Steep and rocky Corbin Hollow did not evolve into a distinct community until the establishment of the nearby Skyland resort in 1886. Families relied upon wage labor and craft sales at Skyland, leaving themselves wide open for disaster when the Depression struck and the cameras of park promoters began clicking. The poverty in Corbin Hollow spoke for the entire park , as stark photographs circulated through the media and politicians were dragged to the hollow to gawk at the dismal condition of the natives. Yet the recently-examined material record indicates that even in Corbin Hollow, popular descriptions of mountain isolation and degeneracy were overblown. Typical assemblages range from decorative tablewares, pharmaceutical bottles and automobile parts to mail order toys, furniture, shoes, and even fragments of 78 rpm records. Far higher percentages of commercial food containers are recovered from Corbin Hollow sites than on Nicholson or Weakley Hollow sites, indicative of wage-labor subsistence. Not only did Blue Ridge residents actively participate in the national consumer culture, they made choices regarding their subsistence and economic lives, choices and decisions that changed over time and were tempered and shaped—but not determined by—the natural environment.
Tract records which were compiled in anticipation of land acquisition for the national park serve as an invaluable source in examining variation within and between the hollows by the early twentieth century, describing both the extent of landholdings and the types of buildings present on the properties when surveyed in the late 1920s. Outside of the tract records, there are numerous descriptions of the housing of mountain dwellers, presumed to hold true for the entirety of hollow settlement. One journalist penned a rather more creative description of housing in Old Rag:
"The rustic charm of the Shenandoah cabins is very, very rustic. Most of them are made of roughly hewn logs; the chinks are filled, somewhat nonchalantly, with mud, and the interior, in happy instances, is whitewashed. Since one rarely encounters a straight line or a true angle in the walls or ceilings, there are likely to be conspicuous discrepancies between walls and doors or window frames. No matter, says the mountaineer, and fills up the space with mud."
Both archaeological evidence and the data from the tract records instead indicate that houses in the three hollows employed stone, frame, and brick as well as log. In fact, twenty-five percent of dwellings described in the tract records for the three hollows were built entirely of frame.

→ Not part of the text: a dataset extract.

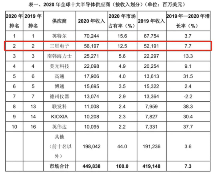 三星作为全球半导体产业的领导企业,不单生产自家的手机芯片,还为另一芯片巨头高通代工。市场研究机构Gartner以半导体供应商2020年收入进行划分,其中排名前十名的企业分别为:英特尔、三星电子、SK海力士、美光、高通、博通、德仪、联发科、铠侠、英伟达。三星电子在2020年市场占有率达12.5%,且进一步缩小与英特尔之间的差距。

Fifty-four percent were constructed wholly of log, while the remaining twenty-one percent employed a combination of log and frame.
The current archaeological examination of Nicholson, Corbin and Weakley Hollows makes it clear that the local cultures found in the Blue Ridge prior to the establishment of Shenandoah National Park were not the product of geographic, cultural, and familial insularity Rather, they were the result of the conscious choices made by residents throughout the period of settlement in a dynamic and continual process of borrowing, sharing, retaining, and adapting of traits between a variety of culture groups during the history of the colonial and post-colonial settlement of the region, tempered by the environment, and punctuated by economic success and failure. As elsewhere in the southern mountains, the Blue Ridge regional culture of the early twentieth century was a complex and ever-changing heritage with a multiplicity of roots.